What are your settings on LM studio? How do you set vram to auto?
I accidentally tested the difference between running 85% GPU memory and 100% GPU memory for the deepseek-r1:32b on a 4090 because I launched ollama while still having World of Tanks minimized in the background.
Having the model 85% in GPU memory will get me 12.46 token/s, 100% GPU bumps that up to 40.51 token/s. It's a huge difference in user experience.
I run the 7B model in a toaster i3 Sandy Bridge with 8 gb of Ram, no GPU, slow as hell, but it runs. The Chinese did a huge mathematical dark magic, and I'm completely grateful with them.
7B Model runs great on my M1 Pro chip. Perhaps it's harnessing the ML cores on top of the CPU? The new 50 series cards boast a LOT of ML cores, so they should be able outperform the 3090s significantly?
3090 also has 24G, so only 4090 and 5090 are better than 3090
You can't really use 32b on a 3090. It does run, but takes all VRAM and after a few following questions it gets into a thinking loop and times out. The only solution is to restart the model... 14b works wonderfully fast and you can do other things at the same time.
That's interesting. I'm able to run it on 3060 12GB and 32GB RAM. It uses all VRAM and all RAM and it's not very fast, but still runs fine.
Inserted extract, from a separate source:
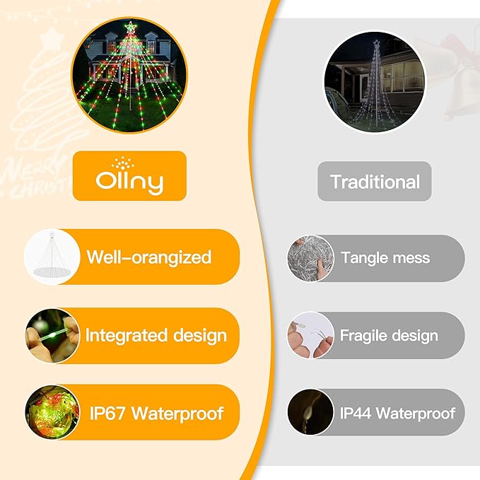 Ollny Christmas Lights Tree Red&Green 340LED with Topper Star, IP67 Waterproof Remote Control Waterfall Lights with Pole, 16 Lighting Modes Timer Dimmable Light Decorations Outdoor Yard Garden Lawn

thanks for your contribution! Very insightful!
What an excellent video!
Thanks this is very helpful
Glad it helped!
Used 3090 costs between €500 and €700 where I live. With that, you can run the r1 distilled 32b qwen model, pick a quant that barely fits in VRAM, at a decent speed. Or you could buy 16 * 3090's to run the whole 671B r1 :D
Q4 :)
The funny part is that it's not worth upgrading to a 4090 for LLM use because the memory bandwidth is barely higher and the huge L2 cache has negligible effect on this kind of workload... it's a much different story for Stable Diffusion where the extra compute grunt can shine.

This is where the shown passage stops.